Kennedy’s penchant for drawing on history in his research first caught the eye of ABC Entertainment chief Paul Lee when he was still running ABC Family, where it proved instrumental in fine-tuning the cabler’s targeting of the millennial generation. When it came time to put together his first primetime schedule after taking the reins at the Alphabet in 2010, Lee again called on Kennedy.
The research exec’s insights into recession-era programming influenced ABC’s interest in tapping into the nation’s growing disillusionment exemplified by the Occupy Wall Street movement. “Revenge” was one of as many as eight scripts ABC fielded during development season that fed into that sensibility.
Based on testing of the pilot, which Kennedy oversees at the network, he recommended that the motive for the protagonist’s vengeance be emphasized in both the first episode and the initial marketing to ensure the show connected with the sentiments of the “99%” crowd..

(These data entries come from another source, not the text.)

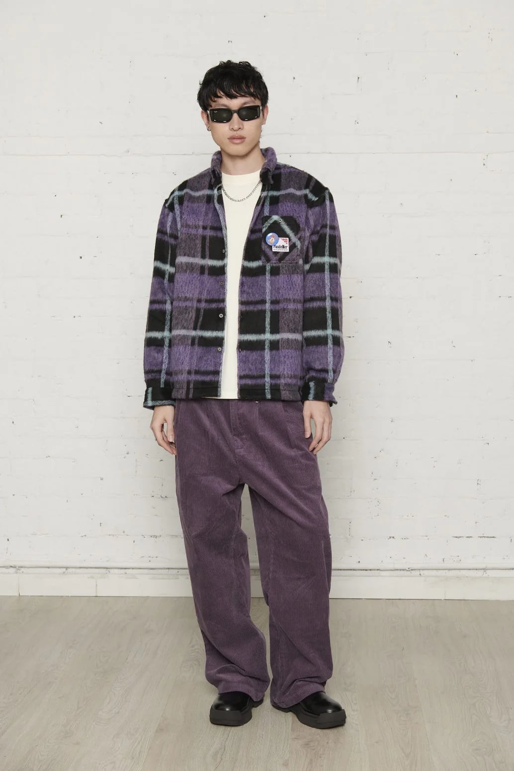 鮮やかなパープルのチェックが好印象な1枚です。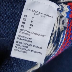 American Eagle Men's Fair Isle Sweater Cotton Wool Blend Christmas Crew Small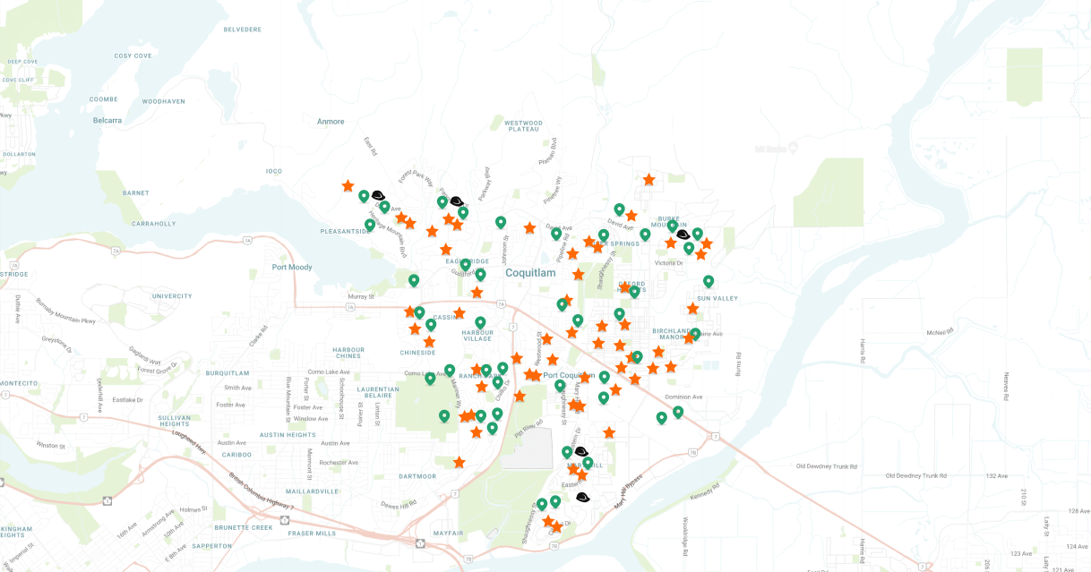 Port Moody, Coquitlam, and Port Coquitlam.
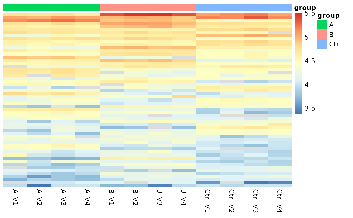 Furthermore, Figure @ref(fig:sigroteins) shows a heatmap of log2 transformed protein abundances of all significant calls.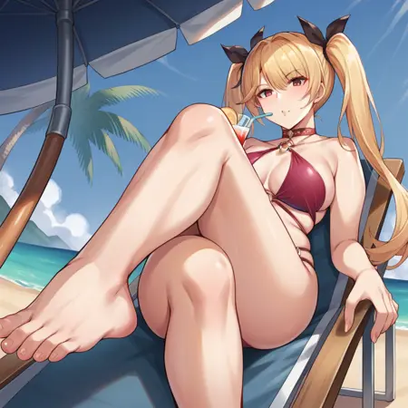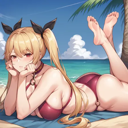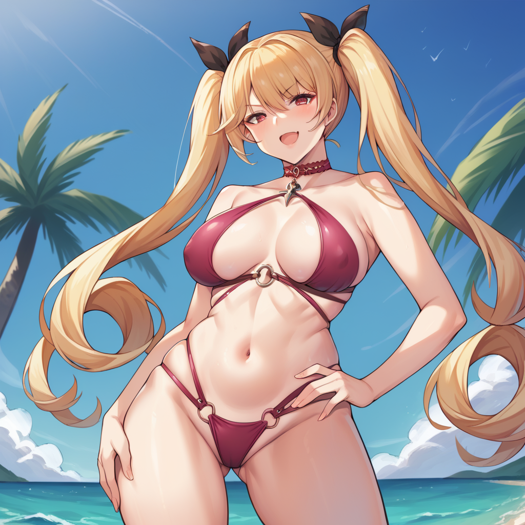 NelsonAzur, Fol003, Nel_Swm, 금발 머리, 긴 머리, 붉은 눈, 더블테일, 드릴 머리, 머리 리본, 검은 리본, O-링, O-링 비키니, 빨간 비키니, 멀티 스트랩 비키니 바지, 빨간 초커, 할터 비키니 상의,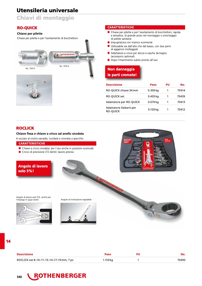 Chiave per pilette e per l’avvitamento di bocchettoni, rapida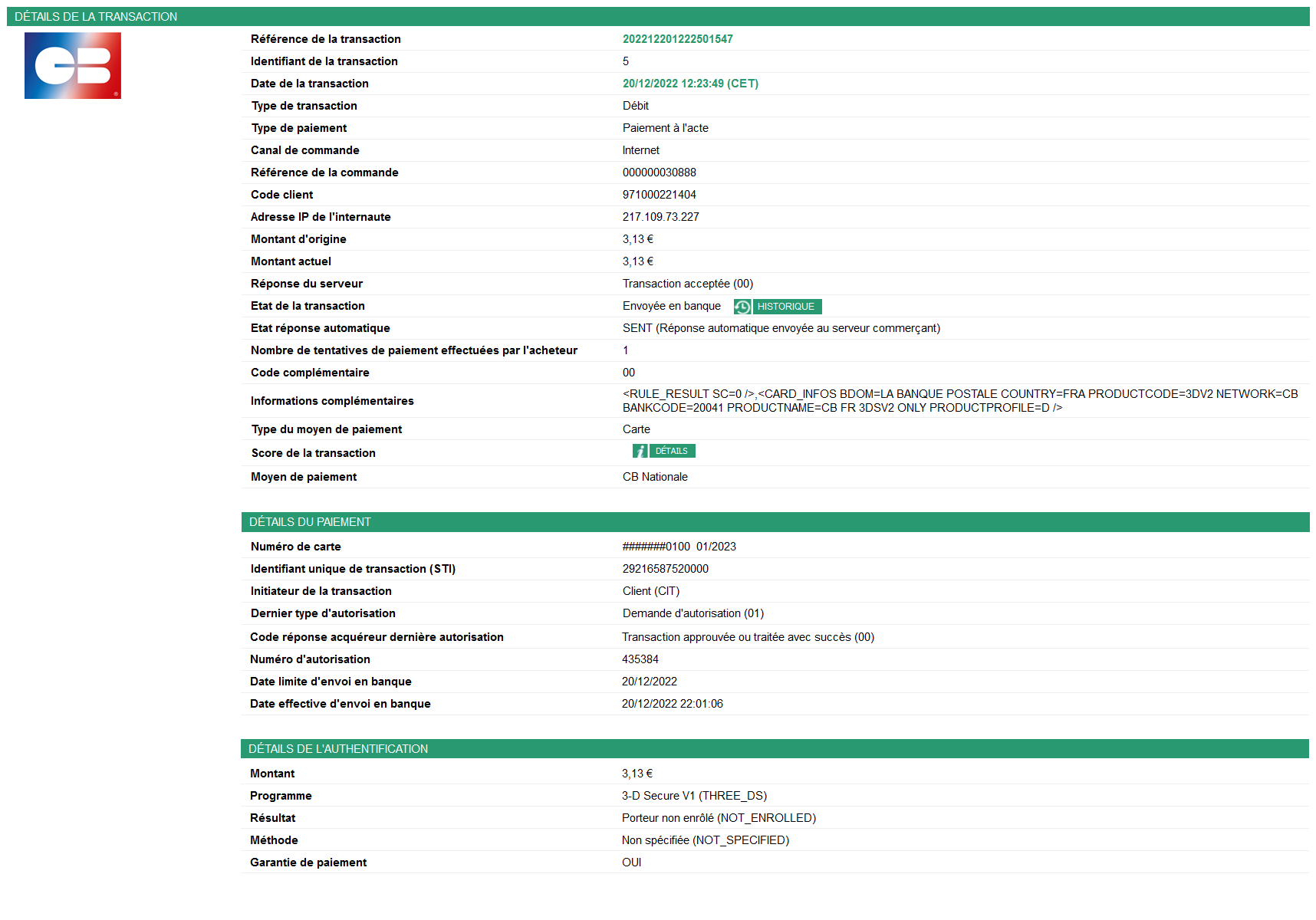 le Dictionnaire des données).paymentMeanBrand = CB ou

Kennedy’s input can even correspond to scheduling. It figured into ABC’s risky decision to move “Revenge” from its Wednesday timeslot to Sunday. At first blush, a soap may not seem the best fit between “Once Upon a Time” and new thriller “666 Park Avenue,” two supernatural series filled with monsters. But Kennedy helped execs see that “Revenge” actually continued a narrative thread among the shows.
“?’Revenge’ is the slaying of the real-world monster, which is really crappy people who use the system to destroy lives,” he says. “This framework helped us be more comfortable with moving a major show.”
As Kennedy sees it, a figure like “Revenge” protagonist Emily Thorne, who infiltrates Hamptons society to avenge her father, is traceable back to the kind of tough-guy characters played by James Cagney in ’30s movies like “Public Enemy”: Both are motivated to upend “the system.”
Kennedy can come across more like a psychoanalyst than a researcher, given how every movie or TV show to him is as interpretable as a dream, so laden with symbolism that the subtext has more meaning than the nominal narrative. Take the new ABC series “Nashville,” for instance. To the untutored eye, it’s about an aging country star who has to contend with a younger rival. But Kennedy believes the show can strike a chord with auds on a deeper level.
“?’Nashville,’ from a marketing perspective, can be framed in a way that makes it not just another soap opera or music show,” Kennedy says. “The metaphor is, it’s America that is the aging star that has to reinvent herself.”
Kennedy will be the first to admit his theories can seem farfetched. But he sees using history as a guide for zeroing in on the zeitgeist as “tools, not rules” for thinking about programming strategy.
Still, science can only take you so far in the art of television.
“No amount of research or preparation can predict something will be a success,” Dungey says. “But it’s an interesting thing to try.”